Task brief »
Copy out again, unchanged, the listing below from the line that has "Фальш-брус хорошо подходит" through the line that has "证券之星消息,12月1日,国".

Given records »
= Beginning of Section =
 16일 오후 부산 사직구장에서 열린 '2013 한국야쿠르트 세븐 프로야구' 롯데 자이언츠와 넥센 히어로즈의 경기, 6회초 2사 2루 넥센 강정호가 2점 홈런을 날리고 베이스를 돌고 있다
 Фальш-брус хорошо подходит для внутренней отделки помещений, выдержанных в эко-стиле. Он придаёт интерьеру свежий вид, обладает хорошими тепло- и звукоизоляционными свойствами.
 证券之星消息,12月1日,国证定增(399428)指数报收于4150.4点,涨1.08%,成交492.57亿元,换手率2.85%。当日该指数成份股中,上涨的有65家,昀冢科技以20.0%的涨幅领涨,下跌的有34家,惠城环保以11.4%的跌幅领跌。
= End of Section =
= Beginning of Section =
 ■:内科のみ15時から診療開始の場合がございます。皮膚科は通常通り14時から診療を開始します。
= End of Section =
Result of the task »
 Фальш-брус хорошо подходит для внутренней отделки помещений, выдержанных в эко-стиле. Он придаёт интерьеру свежий вид, обладает хорошими тепло- и звукоизоляционными свойствами.
 证券之星消息,12月1日,国证定增(399428)指数报收于4150.4点,涨1.08%,成交492.57亿元,换手率2.85%。当日该指数成份股中,上涨的有65家,昀冢科技以20.0%的涨幅领涨,下跌的有34家,惠城环保以11.4%的跌幅领跌。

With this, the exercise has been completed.